## Exercise materials

*** Block opens ***

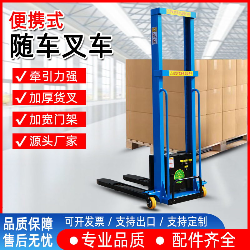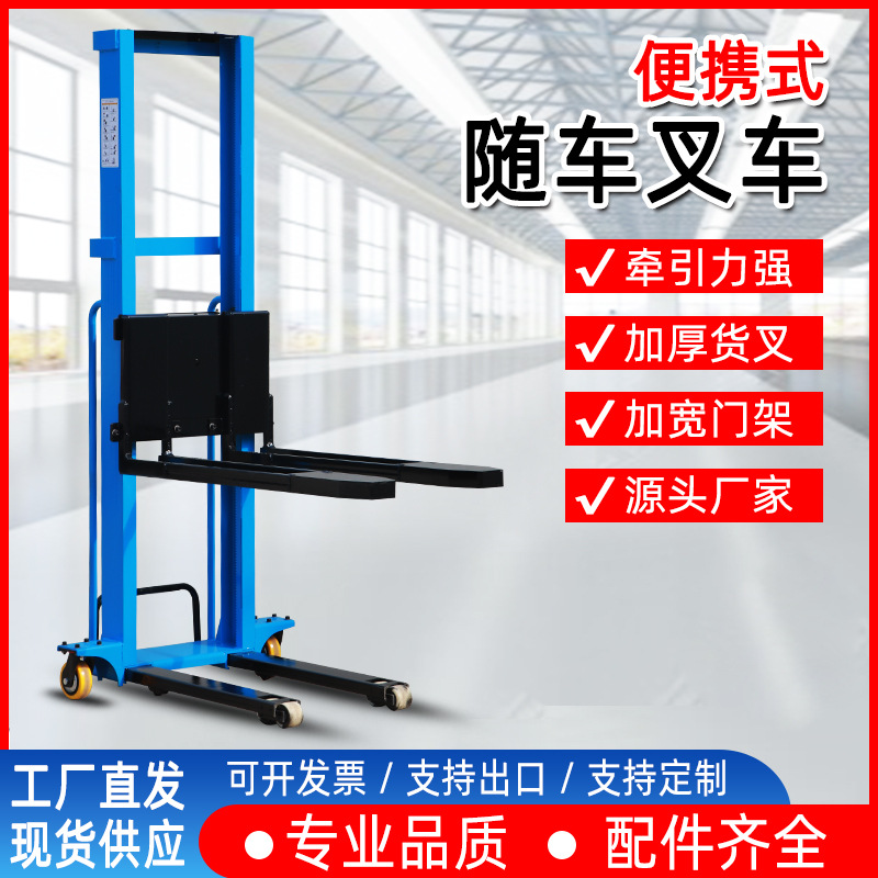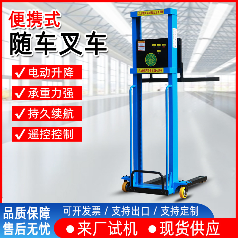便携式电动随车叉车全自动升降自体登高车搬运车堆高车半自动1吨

*** Block closes ***
*** Block opens ***

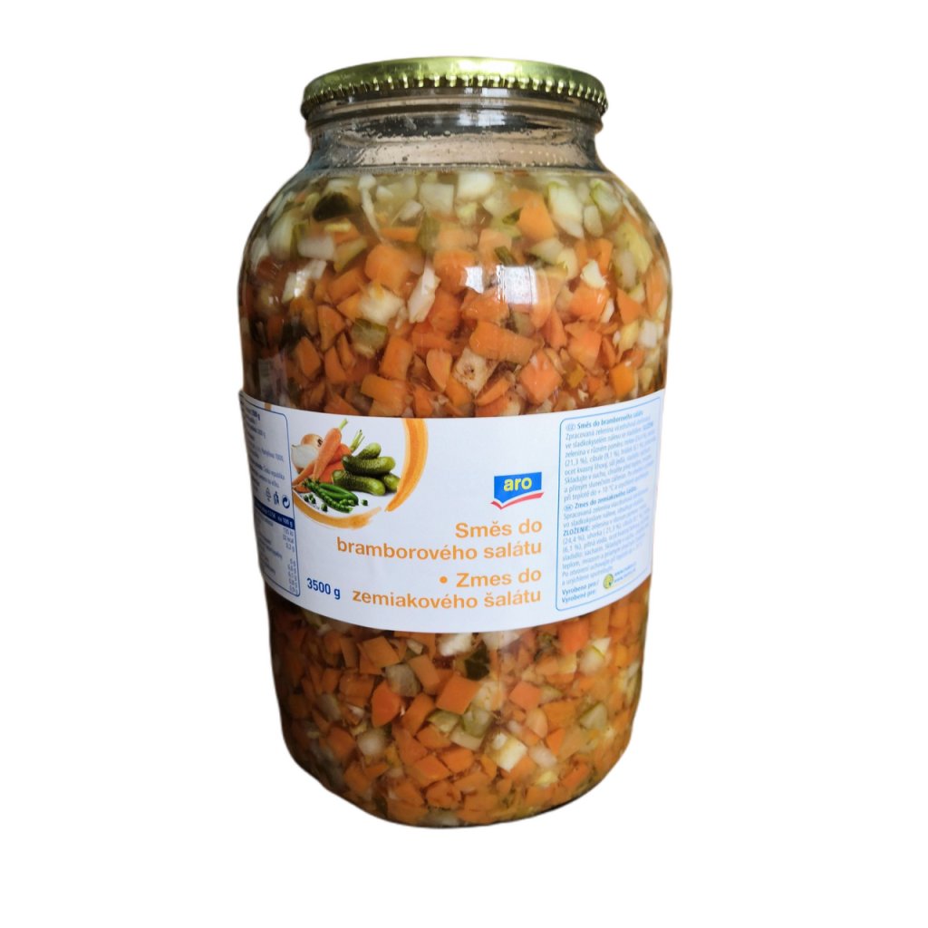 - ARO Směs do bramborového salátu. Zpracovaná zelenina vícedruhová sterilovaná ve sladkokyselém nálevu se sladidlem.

*** Block closes ***
*** Block opens ***

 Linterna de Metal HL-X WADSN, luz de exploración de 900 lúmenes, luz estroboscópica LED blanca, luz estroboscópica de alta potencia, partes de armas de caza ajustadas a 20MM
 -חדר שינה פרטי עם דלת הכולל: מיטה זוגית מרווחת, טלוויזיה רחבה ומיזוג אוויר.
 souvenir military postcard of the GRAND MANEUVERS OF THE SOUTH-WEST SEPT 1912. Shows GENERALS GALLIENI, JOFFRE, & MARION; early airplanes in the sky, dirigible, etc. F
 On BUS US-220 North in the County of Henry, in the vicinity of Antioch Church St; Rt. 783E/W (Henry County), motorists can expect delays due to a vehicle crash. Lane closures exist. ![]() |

*** Block closes ***

Give again, word for word, every line of the listing above from the one with "-חדר שינה פרטי" to the one with "On BUS US-220", both inclusive, and nothing beyond them.

 -חדר שינה פרטי עם דלת הכולל: מיטה זוגית מרווחת, טלוויזיה רחבה ומיזוג אוויר.
 souvenir military postcard of the GRAND MANEUVERS OF THE SOUTH-WEST SEPT 1912. Shows GENERALS GALLIENI, JOFFRE, & MARION; early airplanes in the sky, dirigible, etc. F
 On BUS US-220 North in the County of Henry, in the vicinity of Antioch Church St; Rt. 783E/W (Henry County), motorists can expect delays due to a vehicle crash. Lane closures exist. ![]() |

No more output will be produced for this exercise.